[[ Data section, beginning ]]
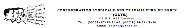 Point III : la sédentarisation des enseignants vacataires La question relative à la sédentarisation des enseignants vacataires a fait l’objet d’un long développement fait par le Ministre de l’Enseignement Secondaire Technique et Professionnel et de la Réinsertion des Jeunes, sur le fait que sans les enseignants vacataires les collèges ne peuvent tourner, car leur nombre avoisinerait 42.000. Mais le Ministre a manqué de demander ouvertement à la fonction publique de les recruter et de les mettre à sa disposition pour que l’Ecole soit sauvée. Son développement a été renchéri tour à tour par les Secrétaires Généraux qui ont demandé au gouvernement de régler définitivement cette question. Le SG/CSTB a particulièrement insisté sur la nécessité pour le Gouvernement de recruter comme APE tous les Enseignants Vacataires en prenant en compte le nombre d’années de service effectué compte tenu de l’expérience accumulée. Au terme des divers échanges, il a été retenu de mettre sur pied un Comité ad hoc chargé, d’une part, de procéder à un recensement exhaustif des enseignants vacataires et de soumettre à la Commission les résultats de ses travaux assortis de propositions, le Lundi 22 septembre 2014 à 16 heures à l’INFOSEC. Monsieur Paul Essè IKO a rappelé à l’assistance que pour aller vite il faut exploiter la liste des vacataires qui avait déjà été faite par une commission dirigée par le Ministre de l’Enseignement Secondaire. Le Comité ad hoc mis sur pieds est composé comme suit : 1- Le DRH du ministère en charge de l’Enseignement Secondaire ; 2- Le DRH du ministère en charge de la Fonction Publique ; 3- Le DEB/MEF ; 4- Représentants des Confédérations Syndicales : – Madame SOSSOUKPE Mathurine de la CSTB ; – Monsieur YEDEMEY Pierre-Paul de la COSI-BENIN. A cet effet la CSTB a proposé et soutenu que deux représentants des syndicats des vacataires soient membres du comité ad hoc mais curieusement Monsieur TODJINOU Pascal et les siens s’y sont farouchement opposés. Ils ont été soutenus dans cette position par le Ministre d’Etat et ainsi les concernés ont été arbitrairement écartés d’une commission ou leur présence était très utile pour la transparence des opérations et pour la pertinence des propositions à faire à la commission nationale. Pourquoi TODJINOU et les siens s’opposent-il à la représentation des vacataires au sein d’une commission qui doit traiter de leurs problèmes pour lesquels ils luttent depuis des années ? Rien ne l’explique si ce n’est que la poursuite de la traitrise. Point IV : la crise au sein du secteur de la santé La crise qui secoue le secteur de la santé a été abordée par les Secrétaires Généraux des Organisations Syndicales. La Ministre de la Santé a déclaré que la majorité des agents de santé ont déjà perçu sur leur fiche de paie les primes de risque mais qu’elle n’a pas la liste du reste qui n’a pas perçu. Elle a souhaité que la commission se penche sur les problèmes du paiement des arriérés de prime et de la revalorisation des indemnités de logement. Après cet exposé le gouvernement n’a pris aucun engagement à régler les problèmes des agents administratifs et paramédicaux en grève. Pendant le déroulement des discussions le SG/CSTB est revenu à plusieurs reprises sur la mauvaise organisation des réunions de négociation où sur les dix neuf (19) membres titulaires de la commission provenant des organisations syndicales (choisi selon les résultats des dernières élections professionnelles) seul les sept (07) secrétaires généraux ont droit à la parole alors que de l’autre côté tous les douze (12) membres représentants du gouvernement ont tous droit à la parole lors des discussions. On viole là encore les critères de représentativité des travailleurs. La CSTB est la plus lésée des confédérations syndicales puisque sur cinq (05) représentants titulaires qu’elle a dans la commission c’est un (01) seul qui a droit à la parole au même titre que ceux qui ont trois (03) ou deux (02) représentants. Cela est anti-démocratique. Conclusion Il ressort de ce compte rendu que le gouvernement, en convoquant cette rencontre, n’avait rien de sérieux à servir aux responsables syndicaux. Le Ministre d’Etat a tenté une manœuvre dilatoire en déclarant aux participants qu’en matière de salaire les enseignants sont au même niveau que tous les autres travailleurs et qu’il faut leur trouver quelque chose de spécial comme incitation à la fonction enseignante. Le Ministre tente de refuser ainsi aux enseignants le bénéfice du décret 2011-505, portant revalorisation des indices de traitement des Agents de l’Etat. Ce qui montre encore une fois la nature de la gouvernance du pouvoir actuel qui dirige le pays sur la base de la ruse, de la violation permanente des textes en vigueur et des principes élémentaires de la démocratie. Aujourd’hui, pour sauver l’école, il faut : – Recruter les vacataires déjà en poste comme APE, recruter suffisamment d’enseignants au primaire, secondaire et au supérieur. Pour sauver l’école le gouvernement doit s’engager immédiatement à commencer par payer les 1,25 aux enseignants. Pour sauver l’école le gouvernement doit faire reprendre les élèves qui ont été exclus de leur établissement pour avoir soutenu leurs enseignants grévistes. – Pour sauver la santé des citoyens, il faut régler les problèmes des travailleurs du secteur de la santé en grève. – Pour sauver la démocratie et sauver le pays, il faut respecter les textes relatifs à la représentativité des travailleurs et à d’autres principes démocratiques, s’engager à écouter sincèrement les travailleurs et les peuples et à régler leurs problèmes. C’est cet engagement que les travailleurs et le peuple béninois attendent du gouvernement du Président YAYI Boni à la renc
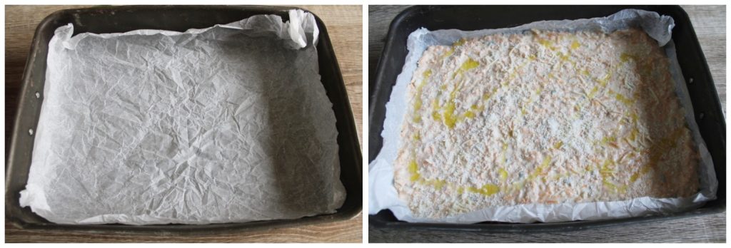 • Despeje a massa em uma assadeira retangular (28×34 cm), previamente forrada com papel manteiga e nivelar com uma espátula. Adicione um fio de azeite extravirgem e uma pitada de parmesão ralado.
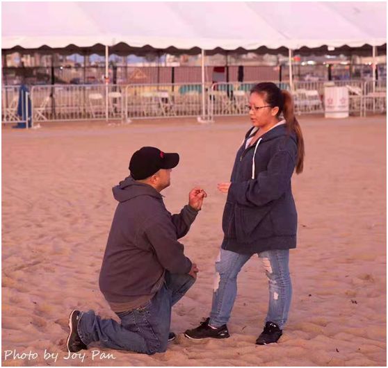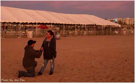 在海滩遇见一对情侣在红霞满天的沙滩上向女友求婚。女孩可能根本就没有想到这一幕,没有任何化妆打扮,牛仔裤都很破旧,男士看我拿着相机在拍晚霞,请我帮他一个忙,我赶紧抓拍。温馨浪漫的普通人的瞬间!
[[ Data section, end ]]
=== Task item ===
Could you output the lines above exactly, with no pictures included?

=== Solved problem ===
 Point III : la sédentarisation des enseignants vacataires La question relative à la sédentarisation des enseignants vacataires a fait l’objet d’un long développement fait par le Ministre de l’Enseignement Secondaire Technique et Professionnel et de la Réinsertion des Jeunes, sur le fait que sans les enseignants vacataires les collèges ne peuvent tourner, car leur nombre avoisinerait 42.000. Mais le Ministre a manqué de demander ouvertement à la fonction publique de les recruter et de les mettre à sa disposition pour que l’Ecole soit sauvée. Son développement a été renchéri tour à tour par les Secrétaires Généraux qui ont demandé au gouvernement de régler définitivement cette question. Le SG/CSTB a particulièrement insisté sur la nécessité pour le Gouvernement de recruter comme APE tous les Enseignants Vacataires en prenant en compte le nombre d’années de service effectué compte tenu de l’expérience accumulée. Au terme des divers échanges, il a été retenu de mettre sur pied un Comité ad hoc chargé, d’une part, de procéder à un recensement exhaustif des enseignants vacataires et de soumettre à la Commission les résultats de ses travaux assortis de propositions, le Lundi 22 septembre 2014 à 16 heures à l’INFOSEC. Monsieur Paul Essè IKO a rappelé à l’assistance que pour aller vite il faut exploiter la liste des vacataires qui avait déjà été faite par une commission dirigée par le Ministre de l’Enseignement Secondaire. Le Comité ad hoc mis sur pieds est composé comme suit : 1- Le DRH du ministère en charge de l’Enseignement Secondaire ; 2- Le DRH du ministère en charge de la Fonction Publique ; 3- Le DEB/MEF ; 4- Représentants des Confédérations Syndicales : – Madame SOSSOUKPE Mathurine de la CSTB ; – Monsieur YEDEMEY Pierre-Paul de la COSI-BENIN. A cet effet la CSTB a proposé et soutenu que deux représentants des syndicats des vacataires soient membres du comité ad hoc mais curieusement Monsieur TODJINOU Pascal et les siens s’y sont farouchement opposés. Ils ont été soutenus dans cette position par le Ministre d’Etat et ainsi les concernés ont été arbitrairement écartés d’une commission ou leur présence était très utile pour la transparence des opérations et pour la pertinence des propositions à faire à la commission nationale. Pourquoi TODJINOU et les siens s’opposent-il à la représentation des vacataires au sein d’une commission qui doit traiter de leurs problèmes pour lesquels ils luttent depuis des années ? Rien ne l’explique si ce n’est que la poursuite de la traitrise. Point IV : la crise au sein du secteur de la santé La crise qui secoue le secteur de la santé a été abordée par les Secrétaires Généraux des Organisations Syndicales. La Ministre de la Santé a déclaré que la majorité des agents de santé ont déjà perçu sur leur fiche de paie les primes de risque mais qu’elle n’a pas la liste du reste qui n’a pas perçu. Elle a souhaité que la commission se penche sur les problèmes du paiement des arriérés de prime et de la revalorisation des indemnités de logement. Après cet exposé le gouvernement n’a pris aucun engagement à régler les problèmes des agents administratifs et paramédicaux en grève. Pendant le déroulement des discussions le SG/CSTB est revenu à plusieurs reprises sur la mauvaise organisation des réunions de négociation où sur les dix neuf (19) membres titulaires de la commission provenant des organisations syndicales (choisi selon les résultats des dernières élections professionnelles) seul les sept (07) secrétaires généraux ont droit à la parole alors que de l’autre côté tous les douze (12) membres représentants du gouvernement ont tous droit à la parole lors des discussions. On viole là encore les critères de représentativité des travailleurs. La CSTB est la plus lésée des confédérations syndicales puisque sur cinq (05) représentants titulaires qu’elle a dans la commission c’est un (01) seul qui a droit à la parole au même titre que ceux qui ont trois (03) ou deux (02) représentants. Cela est anti-démocratique. Conclusion Il ressort de ce compte rendu que le gouvernement, en convoquant cette rencontre, n’avait rien de sérieux à servir aux responsables syndicaux. Le Ministre d’Etat a tenté une manœuvre dilatoire en déclarant aux participants qu’en matière de salaire les enseignants sont au même niveau que tous les autres travailleurs et qu’il faut leur trouver quelque chose de spécial comme incitation à la fonction enseignante. Le Ministre tente de refuser ainsi aux enseignants le bénéfice du décret 2011-505, portant revalorisation des indices de traitement des Agents de l’Etat. Ce qui montre encore une fois la nature de la gouvernance du pouvoir actuel qui dirige le pays sur la base de la ruse, de la violation permanente des textes en vigueur et des principes élémentaires de la démocratie. Aujourd’hui, pour sauver l’école, il faut : – Recruter les vacataires déjà en poste comme APE, recruter suffisamment d’enseignants au primaire, secondaire et au supérieur. Pour sauver l’école le gouvernement doit s’engager immédiatement à commencer par payer les 1,25 aux enseignants. Pour sauver l’école le gouvernement doit faire reprendre les élèves qui ont été exclus de leur établissement pour avoir soutenu leurs enseignants grévistes. – Pour sauver la santé des citoyens, il faut régler les problèmes des travailleurs du secteur de la santé en grève. – Pour sauver la démocratie et sauver le pays, il faut respecter les textes relatifs à la représentativité des travailleurs et à d’autres principes démocratiques, s’engager à écouter sincèrement les travailleurs et les peuples et à régler leurs problèmes. C’est cet engagement que les travailleurs et le peuple béninois attendent du gouvernement du Président YAYI Boni à la renc
 • Despeje a massa em uma assadeira retangular (28×34 cm), previamente forrada com papel manteiga e nivelar com uma espátula. Adicione um fio de azeite extravirgem e uma pitada de parmesão ralado.
 在海滩遇见一对情侣在红霞满天的沙滩上向女友求婚。女孩可能根本就没有想到这一幕,没有任何化妆打扮,牛仔裤都很破旧,男士看我拿着相机在拍晚霞,请我帮他一个忙,我赶紧抓拍。温馨浪漫的普通人的瞬间!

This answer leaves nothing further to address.